(Task inputs):
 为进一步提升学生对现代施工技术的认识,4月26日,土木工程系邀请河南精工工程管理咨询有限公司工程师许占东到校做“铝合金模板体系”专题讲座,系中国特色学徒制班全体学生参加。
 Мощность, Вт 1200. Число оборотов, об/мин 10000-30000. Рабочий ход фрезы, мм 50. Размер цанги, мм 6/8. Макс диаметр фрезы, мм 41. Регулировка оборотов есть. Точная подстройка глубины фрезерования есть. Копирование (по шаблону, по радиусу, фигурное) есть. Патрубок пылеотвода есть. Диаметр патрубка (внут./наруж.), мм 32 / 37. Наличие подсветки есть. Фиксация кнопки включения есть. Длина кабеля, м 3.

==

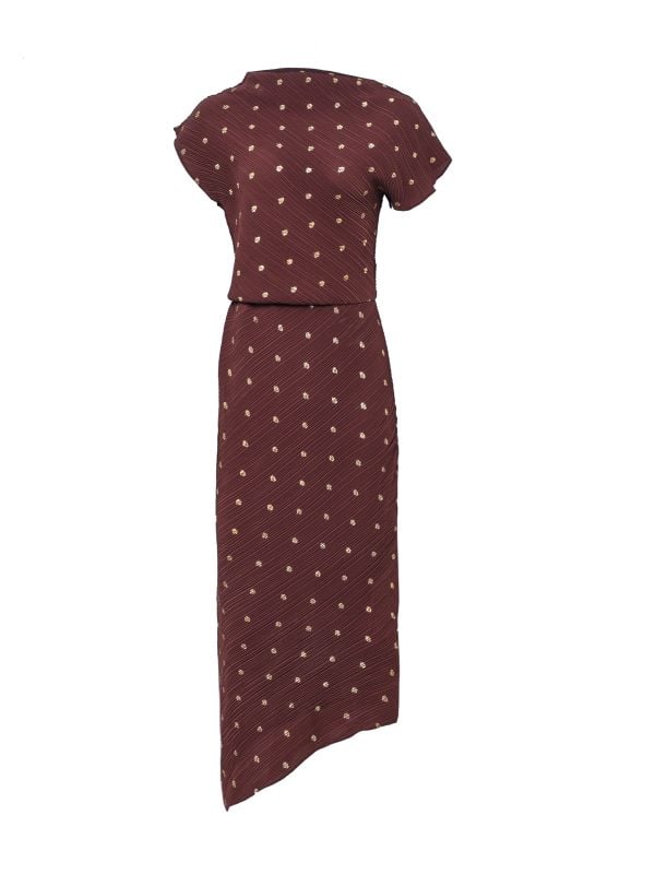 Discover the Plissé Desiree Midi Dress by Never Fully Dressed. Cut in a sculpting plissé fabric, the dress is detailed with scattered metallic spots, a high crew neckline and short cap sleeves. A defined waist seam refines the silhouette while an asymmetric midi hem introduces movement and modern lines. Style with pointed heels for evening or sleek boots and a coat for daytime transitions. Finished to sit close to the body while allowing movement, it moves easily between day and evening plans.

---

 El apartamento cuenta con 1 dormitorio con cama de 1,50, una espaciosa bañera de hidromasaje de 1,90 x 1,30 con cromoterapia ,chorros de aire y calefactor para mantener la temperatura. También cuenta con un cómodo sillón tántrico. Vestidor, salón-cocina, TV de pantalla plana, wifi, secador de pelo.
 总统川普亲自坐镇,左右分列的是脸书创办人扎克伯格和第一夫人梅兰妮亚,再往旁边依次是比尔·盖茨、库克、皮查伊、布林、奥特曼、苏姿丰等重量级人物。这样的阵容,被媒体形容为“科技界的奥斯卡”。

(Directions): Return exactly, and only, the lines above starting at the line that contains "为进一步提升学生对现代施工技" and ending at the line that contains "Мощность, Вт 1200.".

(Answer section):
 为进一步提升学生对现代施工技术的认识,4月26日,土木工程系邀请河南精工工程管理咨询有限公司工程师许占东到校做“铝合金模板体系”专题讲座,系中国特色学徒制班全体学生参加。
 Мощность, Вт 1200. Число оборотов, об/мин 10000-30000. Рабочий ход фрезы, мм 50. Размер цанги, мм 6/8. Макс диаметр фрезы, мм 41. Регулировка оборотов есть. Точная подстройка глубины фрезерования есть. Копирование (по шаблону, по радиусу, фигурное) есть. Патрубок пылеотвода есть. Диаметр патрубка (внут./наруж.), мм 32 / 37. Наличие подсветки есть. Фиксация кнопки включения есть. Длина кабеля, м 3.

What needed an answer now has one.